EXERCISE OBJECTIVE: Each record is to be copied exactly, with its pictures left behind.

DATA EXTRACT section start

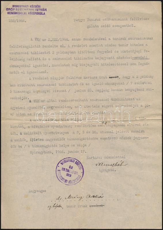 1944 A nyíregyházi felsőkereskedelmi iskola igazgatójának gépelt level... https://www.darabanth.com/hu/310-Gyorsarveres/310.0/Festmeny-mutargy-papirregiseg-egyeb/Okmanyok~17/1944-A-nyiregyhazi-felsokereskedelmi-iskola-igazgatojanak-gepelt-levele-szarmazasi-igazolas~II1689055
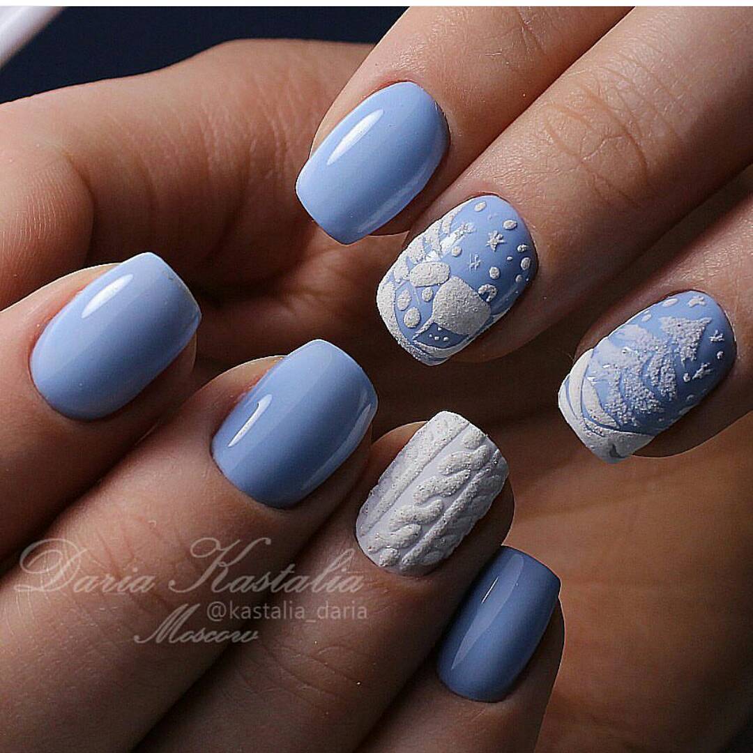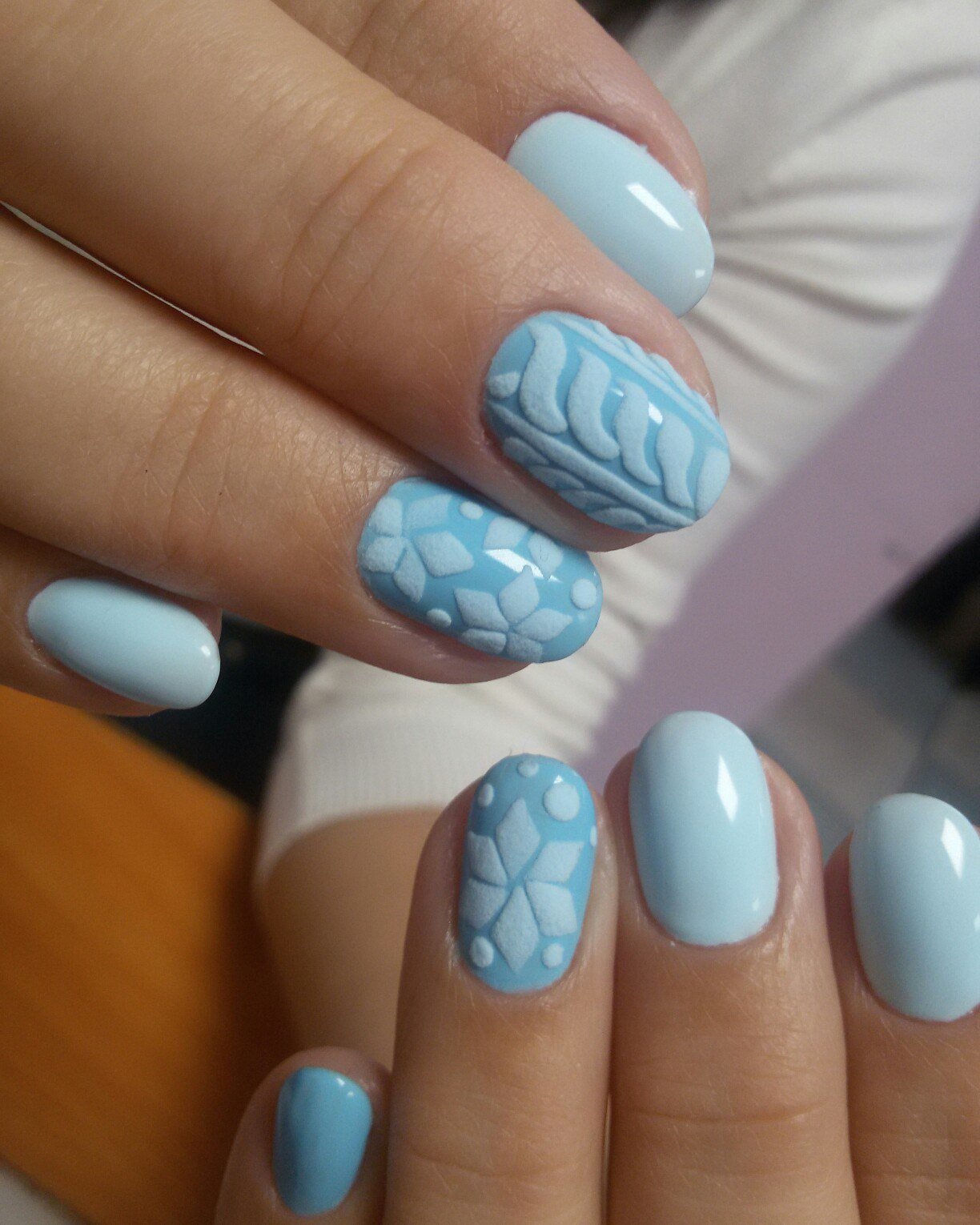 Для начала покройте ногти лаком светлого голубого оттенка, потом нанесите на него прозрачным топом вязаный узор или витиеватые ажурные рисунки. Сверху лак обильно посыпьте акриловым песком, излишки смахните кисточкой. Взгляните на фото-примеры маникюра, в них невозможно не влюбиться.
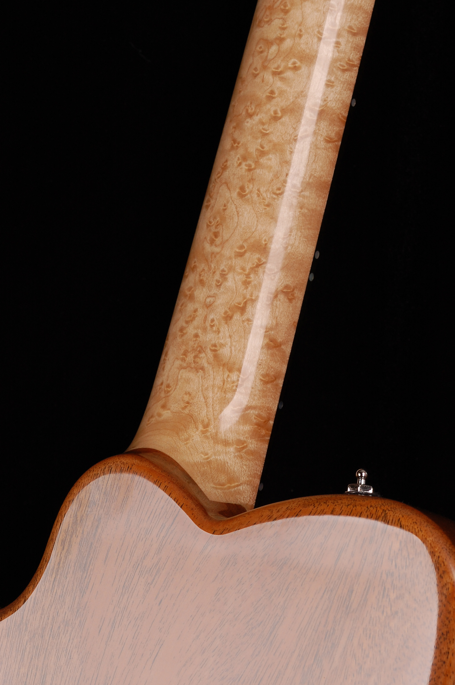 Every year or so I do a batch of electrics, usually a batch of four guitars. Each guitar is built off of the same construction design, with the floating-neck through concept. This construction concept uses the natural taper of the neck as a long wedge which mates as a tight dovetail to the chambered body. The chamber shape of the body has evolved over the years to balance weight distribution and resonance. Every guitar is designed around a specific client which allows the discussion and playful use of tonewoods. I have found a great relationship with the use of a Honduran Mahogany body and the density and hardness of a slab cut Birdseye maple neck (not to mention they look so great together). All of the electrics come with hand made pickups by the legendary, Ron Ellis, a perfect pickup to bring out the beautiful nuances of these instruments. I could not think of a better pairing.
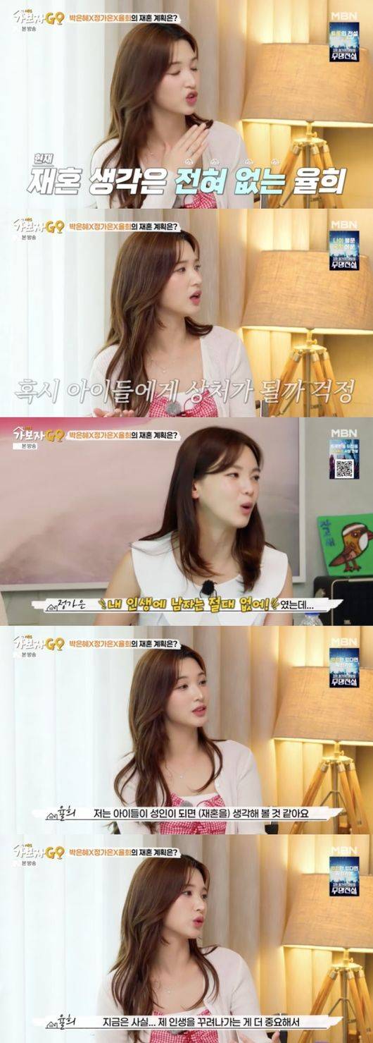 30일 방송된 MBN ‘가보자GO’ 시즌5에는 박은혜, 정가은, 율희가 출연해 이혼과 육아, 그리고 싱글맘으로서의 삶을 주제로 이야기를 나눴다.
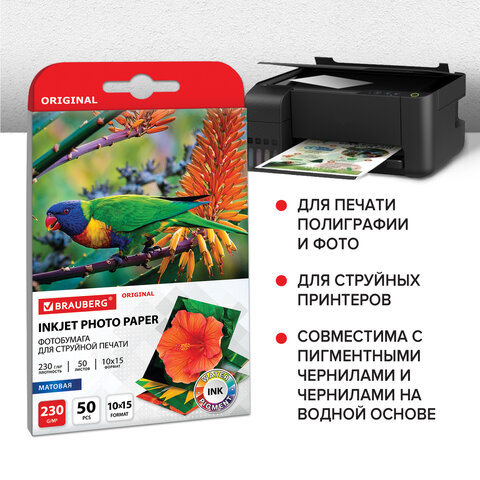 Фотобумага матовая, 10х15 см, 230 г/м2, односторонняя, 50 листов, BRAUBERG ORIGINAL, 363974
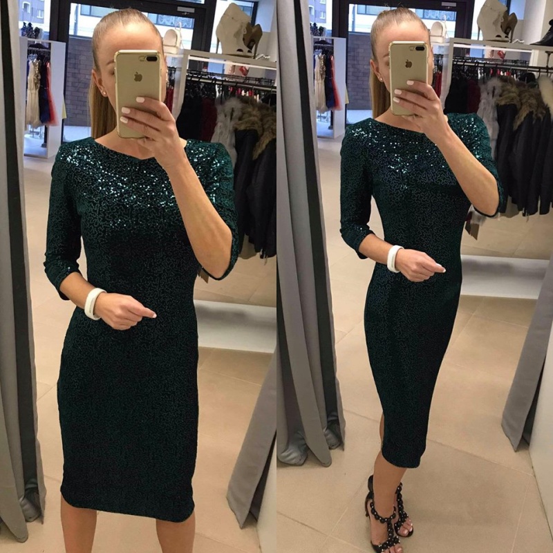 Roheline sametine glitter kleit
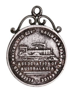 FEDERATED AMALGAMATED GOVT RAILWAY & TRAMWAY SERVICE ASSOCIATION OF AUSTRALASIA, undated, in silver (23mm) with scroll mount, obverse, locomotive facing right, reverse 'One Industry' below mount with the six state names radiating out from a lantern, 'One society' below. Very good.
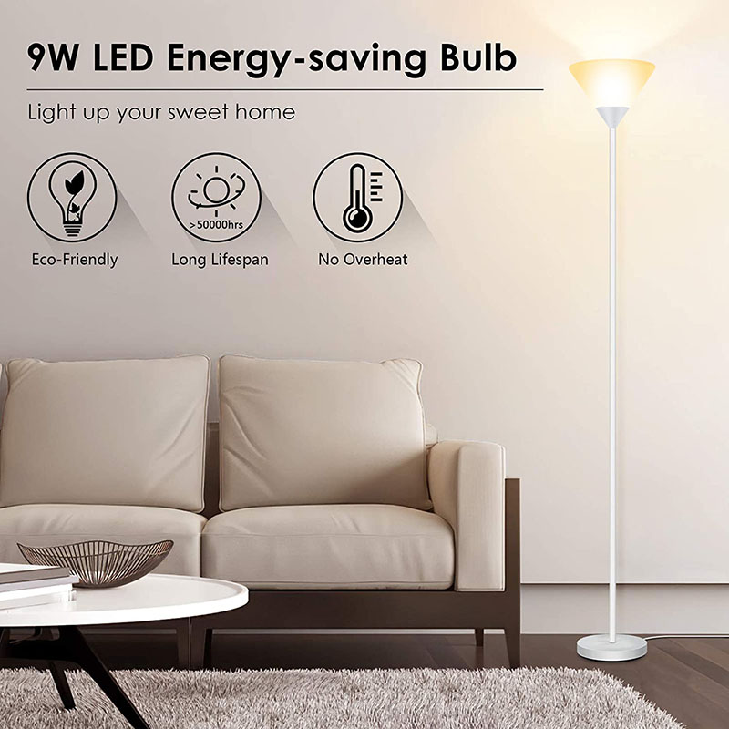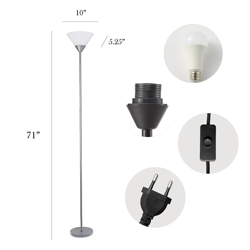 Изработена от висококачествени материали, универсалната LED подова лампа разполага със здрава метална рамка и издръжлив пластмасов абажур. Неговият минималистичен дизайн гарантира, че се вписва безпроблемно във всеки интериорен декор, независимо дали е модерен, традиционен или еклектичен. Еднопръчковата структура на лампата осигурява стабилност и изчистена естетика, докато коничният абажур насочва светлината нагоре, създавайки уютна атмосфера.
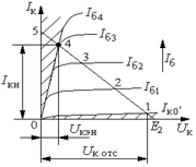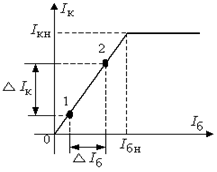 Построить характеристику Iк = B(Iб ) при Rк = const. По ней найти токи насыщения базы и коллектора, а также коэффициент усиления тока. Определение этих величин по характеристике показано на рис.13.
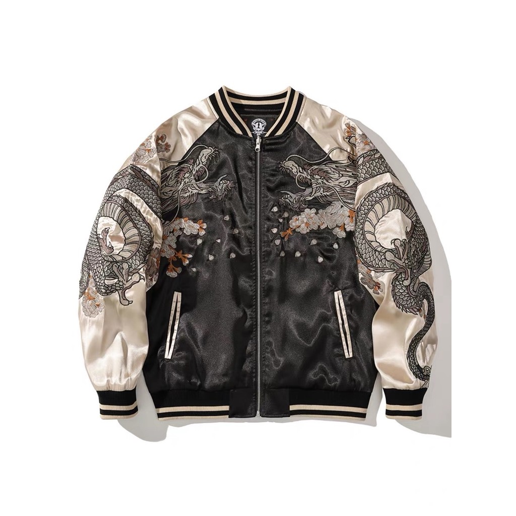 EERSHENSHI เสื้อแจ็คเก็ตผู้ชายอินเทรนด์มังกรปักเบสบอลแจ็คเก็ตแนวโน้มแห่งชาติสีคมชัดสไตล์จีน

DATA EXTRACT section end

EXPECTED ANSWER:
 1944 A nyíregyházi felsőkereskedelmi iskola igazgatójának gépelt level... https://www.darabanth.com/hu/310-Gyorsarveres/310.0/Festmeny-mutargy-papirregiseg-egyeb/Okmanyok~17/1944-A-nyiregyhazi-felsokereskedelmi-iskola-igazgatojanak-gepelt-levele-szarmazasi-igazolas~II1689055
 Для начала покройте ногти лаком светлого голубого оттенка, потом нанесите на него прозрачным топом вязаный узор или витиеватые ажурные рисунки. Сверху лак обильно посыпьте акриловым песком, излишки смахните кисточкой. Взгляните на фото-примеры маникюра, в них невозможно не влюбиться.
 Every year or so I do a batch of electrics, usually a batch of four guitars. Each guitar is built off of the same construction design, with the floating-neck through concept. This construction concept uses the natural taper of the neck as a long wedge which mates as a tight dovetail to the chambered body. The chamber shape of the body has evolved over the years to balance weight distribution and resonance. Every guitar is designed around a specific client which allows the discussion and playful use of tonewoods. I have found a great relationship with the use of a Honduran Mahogany body and the density and hardness of a slab cut Birdseye maple neck (not to mention they look so great together). All of the electrics come with hand made pickups by the legendary, Ron Ellis, a perfect pickup to bring out the beautiful nuances of these instruments. I could not think of a better pairing.
 30일 방송된 MBN ‘가보자GO’ 시즌5에는 박은혜, 정가은, 율희가 출연해 이혼과 육아, 그리고 싱글맘으로서의 삶을 주제로 이야기를 나눴다.
 Фотобумага матовая, 10х15 см, 230 г/м2, односторонняя, 50 листов, BRAUBERG ORIGINAL, 363974
 Roheline sametine glitter kleit
 FEDERATED AMALGAMATED GOVT RAILWAY & TRAMWAY SERVICE ASSOCIATION OF AUSTRALASIA, undated, in silver (23mm) with scroll mount, obverse, locomotive facing right, reverse 'One Industry' below mount with the six state names radiating out from a lantern, 'One society' below. Very good.
 Изработена от висококачествени материали, универсалната LED подова лампа разполага със здрава метална рамка и издръжлив пластмасов абажур. Неговият минималистичен дизайн гарантира, че се вписва безпроблемно във всеки интериорен декор, независимо дали е модерен, традиционен или еклектичен. Еднопръчковата структура на лампата осигурява стабилност и изчистена естетика, докато коничният абажур насочва светлината нагоре, създавайки уютна атмосфера.
 Построить характеристику Iк = B(Iб ) при Rк = const. По ней найти токи насыщения базы и коллектора, а также коэффициент усиления тока. Определение этих величин по характеристике показано на рис.13.
 EERSHENSHI เสื้อแจ็คเก็ตผู้ชายอินเทรนด์มังกรปักเบสบอลแจ็คเก็ตแนวโน้มแห่งชาติสีคมชัดสไตล์จีน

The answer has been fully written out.